AI-powered tools can analyse a Given-When-Then (GWT) statement and generate a corresponding code snippet, saving developers the time and effort of writing it manually. The algorithm can learn from existing code repositories, identify patterns, and generate code that adheres to best practices and coding standards. Furthermore, AI can suggest alternative implementations, allowing developers to compare and choose the most efficient solution.
This could help ensure that test cases are comprehensive, covering all possible scenarios and leading to improved quality and reliability.
GIVEN user opens the splash page
WHEN they click on the main menu burger in the far right corner
THEN a menu appears with the options:
- Home
- About
- Posts
- Contact
Testing GWT Context with OpenAI

<!DOCTYPE html>
<html>
<head>
<title>My Website</title>
<style>
.dropbtn {
display: inline-block;
background-color: #f1f1f1;
color: #555;
padding: 12px;
font-size: 16px;
border: none;
cursor: pointer;
}
.dropdown-content {
display: none;
position: absolute;
z-index: 1;
}
.dropdown-content option {
color: black;
padding: 12px 16px;
text-decoration: none;
display: block;
}
</style>
</head>
<body>
<nav>
<div class="dropdown">
<button class="dropbtn">☰</button>
<div class="dropdown-content">
<a href="#">Home</a>
<a href="#">About</a>
<a href="#">Posts</a>
<a href="#">Contact</a>
</div>
</div>
</nav>
</body>
</html>
In this example, the nav element contains a div with class dropdown, which holds a button displaying the hamburger icon (☰). The dropdown-content div is hidden by default using display: none.

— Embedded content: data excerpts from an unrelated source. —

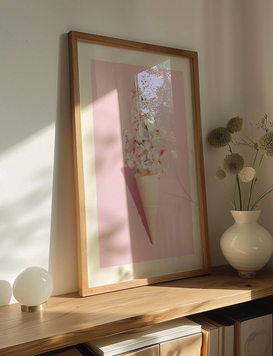 “Spring Whispers”-kollektionen fra Prints Charming byder foråret velkommen i en legende og kreativ tone. Disse plakater, som forener den søde charme af isvafler med den bløde skønhed af forårsblomster, indfanger forårets lette og luftige atmosfære. Med pastelfarver og et snert af varme, er hvert kunstværk en fejring af den genfødelse og nye begyndelse som foråret bringer.
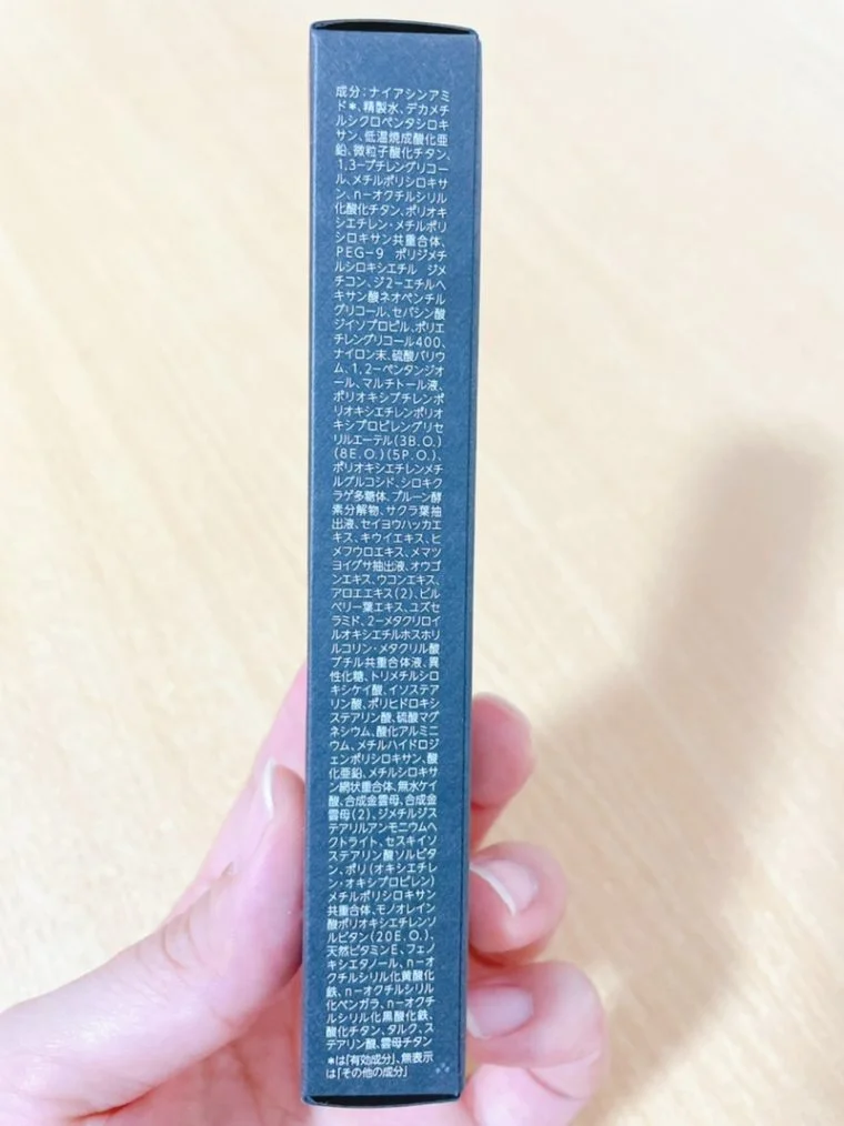 ナイアシンアミド、精製水、デカメチルシクロペンタシロキサン、低温焼成酸化亜鉛、微粒子酸化チタン、1,3-ブチレングリコール、メチルポリシロキサン、n-オクチルシリル化酸化チタン、ポリオキシエチレン・メチルポリシロキサン共重合体、PEG-9 ポリジメチルシロキシエチル ジメチコン、ジ2-エチルヘキサン酸ネオペンチルグリコール、セバシン酸ジイソプロピル、ポリエチレングリコール400、ナイロン末、硫酸バリウム、1,2-ペンタンジオール、マルチトール液、ポリオキシブチレンポリオキシエチレンポリオキシプロピレングリセリルエーテル(3B.O.)(8E.O.)(5P.O.)、ポリオキシエチレンメチルグルコシド、シロキクラゲ多糖体、プルーン酵素分解物、サクラ葉抽出液、セイヨウハッカエキス、キウイエキス、ヒメフウロエキス、メマツヨイグサ抽出液、オウゴンエキス、ウコンエキス、アロエエキス(2)、ビルベリー葉エキス、ユズセラミド、2-メタクリロイルオキシエチルホスホリルコリン・メタクリル酸ブチル共重合体液、異性化糖、トリメチルシロキシケイ酸、イソステアリン酸、ポリヒドロキシステアリン酸、硫酸マグネシウム、酸化アルミニウム、メチルハイドロジェンポリシロキサン、酸化亜鉛、メチルシロキサン網状重合体、無水ケイ酸、合成金雲母、合成金雲母(2)、ジメチルジステアリルアンモニウムヘクトライト、セスキイソステアリン酸ソルビタン、ポリ(オキシエチレン・オキシプロピレン)メチルポリシロキサン共重合体、モノオレイン酸ポリオキシエチレンソルビタン(20E.O.)、天然ビタミンE、フェノキシエタノール、n-オクチルシリル化黄酸化鉄、n-オクチルシリル化ベンガラ、n-オクチルシリル化黒酸化鉄、酸化チタン、タルク、ステアリン酸、雲母チタン
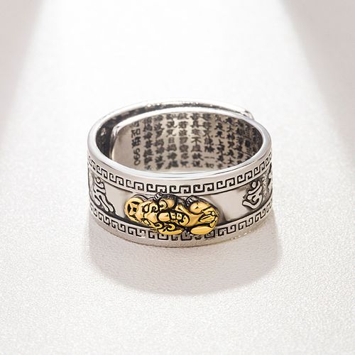 Pixiu Mantra Protection Wealth Ring Adjustable Retro Thai Silver Golden Toad Heart Sutra Ring Punk Feng Shui Rings for Women Men
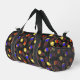 Frolf - Flaming Disc Golf duffle bag. A bag with background of chains with flying flaming discs in red, blue and yellow colours. A great duffle bag for someone that is a Frolf fan.
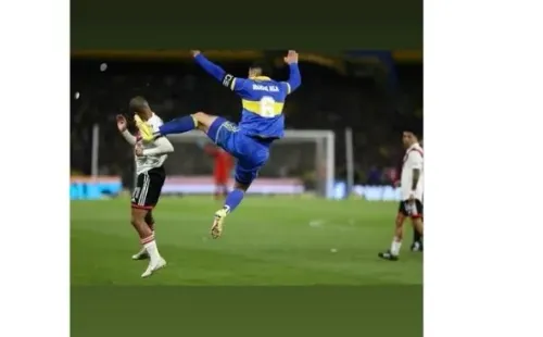 Las dos victorias de Boca ante River en el 2022, tanto en el Monumental como en La Bombonera, fueron motivos de cargadas en La Ribera y Rojo no se quiso quedar afuera, por lo que posteó imágenes del reciente triunfo en el Alberto J. Armando y una foto no pasó desapercibida. El zaguero no se olvidó del patadón que le pegó a Nicolás De La Cruz (luego fue expulsado) y también la sumó a la recopilación. Los hinchas de Boca chochos.
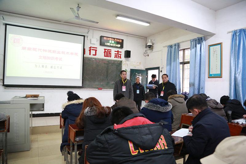" 为人师表、诚信考试 ",平时监考学生,这次规规矩矩做起了考试学员。1 月 8 日中午,湖南现代物流学院全体教职员工在教学楼举行了文明知识普及考试。
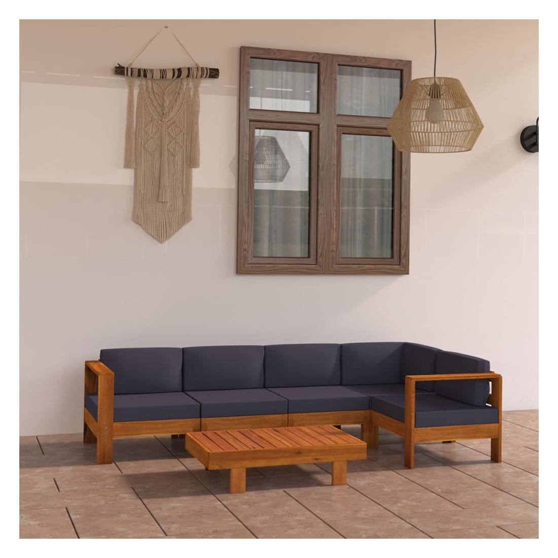Décorez votre cour, transformez-la en un endroit accueillant pour vous asseoir et apprécier votre environnement ! Le salon de jardin en bois est un choix idéal pour vous détendre et vivre du bon temps avec vos amis ou votre famille dans le jardin, sur le patio ou le balcon. Le salon d'extérieur est soigneusement fabriqué en bois d'acacia massif, ce qui le rend robuste, durable et adapté à une utilisation en plein air. Les coussins de siège et les coussins de dossier bien rembourrés offrent un confort supplémentaire pendant votre temps de détente. La surface à finition à l'huile est facile à nettoyer avec un chiffon humide. De plus, le dessus de table robuste est idéal pour placer les boissons et les aliments à portée de main. Remarque : afin de prolonger la durée de vie des meubles d'extérieur, nous vous recommandons de les protéger avec une housse imperméable.
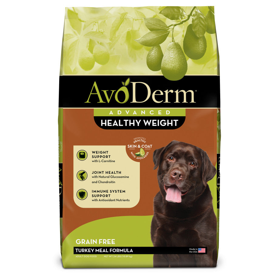 Keeping your dog healthy also includes maintaining a healthy weight. AvoDerm Advanced Healthy Weight dry dog food provides the necessary ingredients to keep your dog healthy and happy while helping them lose weight. Our secret? Simple, the weight management recipe contains 25% less fat than our leading AvoDerm Original Chicken Meal & Brown Rice adult dog food while providing a great taste. Serve up our Advanced Healthy Weight adult dog food and see the results. Our specialty grain free weight management formula is crafted for adult dogs that are less active or need to shed a few pounds. AvoDerm Natural dog food provides essential proteins to help your dog maintain their quality of life, even as they lose weight. It’s also made with L-Carnitine, a compound that helps break down fat, and natural chondroitin sulfate and glucosamine to help maintain healthy joints and support activities that maintain a healthy weight. We top off this premium formula with omega-rich avocados. These nutrient-dense superfoods help promote good health and healthy skin to keep your dog's coat shining all year long. Help your dog get to his optimal weight by serving up Advanced Healthy Weight dog food. With every bite of our reduced fat kibble, your dog will be on his way to a healthier life. Our adult dry food is pressure cooked to ensure your dog receives the optimum nutrition from the high-quality ingredients. This includes vitamins, minerals, and antioxidant nutrients to help support your dog's immune function and health. Feel confident when feeding your dog AvoDerm Natural. Our formulas never include meat by-products, artificial flavors or artificial colors. Serve your dog AvoDerm Natural regularly to sustain the highest level of nutrition while maintaining a healthy weight. Deliver all the great taste they crave and all the nutrition they need with less of the fat.
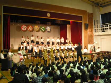 金管バンドクラブは毎朝、早くから練習を積み重ねてきました。5年生27名。6年生12名が心を一つに演奏しました。「シンクロボンバイエ」「RPG」ともにさすが高学年と思わせてくれる演奏を見せてくれました。

To show the menu when the user clicks the button, you can use JavaScript to toggle the display property:
$(document).ready(function () {
$(".dropbtn").click(function () {
$(".dropdown-content").toggle();
});
});
This isn’t perfect—far from it—but it highlights how the model could be used to create development tools that add a 10x multiplier, whilst keeping the human developer in the driving seat to audit the AI’s work.
Code Maturity
Static code analysis is a well-established practice for checking code quality and security. However, one of AI’s strengths might lie in refactoring code rather than creating new code. Imagine a pipeline that not only reviewed proposed changes but also suggested ways to optimise them.
This could be achieved by leveraging AI algorithms that analyse code structure, performance characteristics, and suggest refactoring opportunities.
Security Scanning
Another potential use of AI in DevOps is security scanning. An AI-powered security bot could act as a gatekeeper in the CI pipeline, ensuring all security considerations have been met. It could check dependencies, validate proposed infrastructure changes, and perform complex security analysis. The key advantage is that AI can understand the context of a change, providing more accurate and relevant security insights.
Case Studies
Several real-world examples demonstrate AI being used in DevOps. Google developed TensorFlow to help developers train machine learning models more efficiently. H2O.ai uses AI to automate feature engineering, enabling data scientists to build and deploy models faster. In 2020, OpenAI released the public beta of ChatGPT, which has since been integrated into Bing Search—it’s only a matter of time before we see it in Azure DevOps. Amazon and Google are expected to follow with their own offerings.
Conclusion
AI has the potential to revolutionise DevOps by automating routine tasks, improving the accuracy of complex tasks, and enhancing continuous integration. By leveraging AI, teams can deliver high-quality software more efficiently and securely. As the technology continues to advance, we can expect to see even more innovative applications in the future.
That said, the cynic in me suspects that whilst the technology is approaching maturity, adoption will require cultural change, discipline, and openness to new practices. Frustratingly, these are purely human factors that cannot be injected without resistance. It will take time—and fresh faces—to adopt these practices. In an industry that doubles in size every 18 months, one hopes we’ll see meaningful change within the next two years or so.